After a little bit more research:

Looks like my rebound spring isn't set right / compressed enough. It is shown in this video at the 12:04 mark.

MOPAR MASTER CYLINDER REBUILDING - YouTube

If the spring isn't set right the piston won't align with the port. I just need to turn the alignment screw down until the piston is aligned with the port properly, which I believe is shown in my second picture.

I've read on some older posts that some people adjust the booster plunger so that the piston aligns with the port. Know I think I get what they were talking about. They are compensating for the spring not being set right. But is that a good idea? That puts some back pressure on the booster, where there is supposed to be 0.020" - 0.060" clearance.
 
It's not the stop screw or the piston. everything is identical to the originals based on a side by side comparison and I installed them per the bendix instructions that came with the kit.

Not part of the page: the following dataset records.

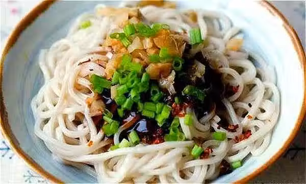 鍋中添燒開後,下入麵條,煮好後,撈起,干挑盛放在碗中。所有調料除蚝油外混合,淋在麵條上,加上蚝油。 再將榨菜剁碎,小蔥切碎,撒在麵條表面即可。
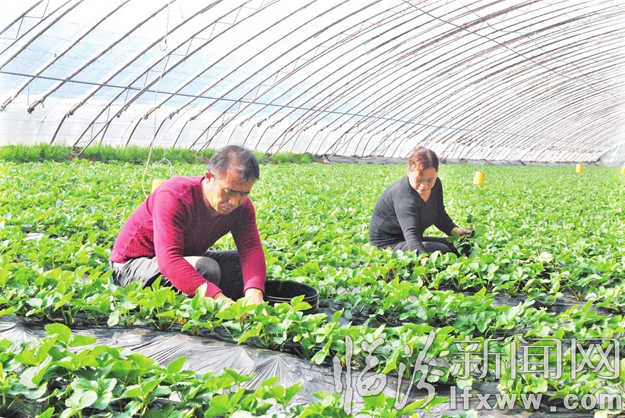 临汾新闻网讯 近日,在曲沃县史村镇西海村红运草莓园里,杨红运夫妇正在管护草莓苗。他们通过采取搭建空间大、采光好的无后墙第六代日光温室大棚,引进草莓新品种,施纯天然绿色无公害生态有机肥等相关措施,实现草莓达到个大、味甜的效果,有效增加收入。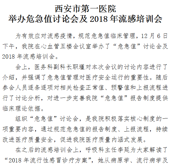 21点游戏攻略站 举办危急值讨论会及2018年流感培训会

After a little bit more research:

Looks like my rebound spring isn't set right / compressed enough. It is shown in this video at the 12:04 mark.

MOPAR MASTER CYLINDER REBUILDING - YouTube

If the spring isn't set right the piston won't align with the port. I just need to turn the alignment screw down until the piston is aligned with the port properly, which I believe is shown in my second picture.

I've read on some older posts that some people adjust the booster plunger so that the piston aligns with the port. Know I think I get what they were talking about. They are compensating for the spring not being set right. But is that a good idea? That puts some back pressure on the booster, where there is supposed to be 0.020" - 0.060" clearance.
That master in the video is not the same as yours. It does not use a stop pin into the bore. It uses a lock tab and screw in the butt end. The start of the video shows that threaded hole.
 
One other thought as there are so many variables on master cylinders is that maybe the end of the piston does protrude slightly. If you measured the old vs new not just a visual. and it all goes together correctly that's maybe the way is is made. Your old one you are comparing to may be different or the piston is stuck and not coming all the way out. Because of these variables that is why they have the adjustable push rod on the booster.
 
If you put MC together with piston flush with back. Put a pin in screw hole does the piston stay in place?
 
So I concluded that the piston is supposed to stick out the back like my rebuilt master.
In the pictures you can see my original piston assembly and new one from the kit are identical. they even both have 749 stamped on them.
I measured the length of the original piston and spring from the location where the screw makes contact to the spring cup = 3-7/8"
I put a punch in the screw hole and measured the depth of the bore to the punch on the original master = 3-5/8"
adding 1/8" for the width of the punch, I get 3-3/4"
which means the piston should stick out the back about 1/8", which is does.

I adjusted the new booster's plunger to match the original. When I put the rebuilt master on the rebuilt booster I can see that the plunger is in the same position as the original one in the vent hole (refer to 2nd picture from my original post at the top). So now I believe I ma matching up to the original factory setup.

So this business about setting the booster plunger with an 0.020" clearance doesn't seem to apply to this setup.

original_master.jpg pistonA.jpg pistonB.jpg boosterA.jpg boosterB.jpg
 
I figured that that's where the piston would fit in the master. As far as the booster rod adjustment goes I never went by any predetermined settings. I always measured what I had and set it accordingly. All you need is just a little clearance to allow the masters piston to fully return.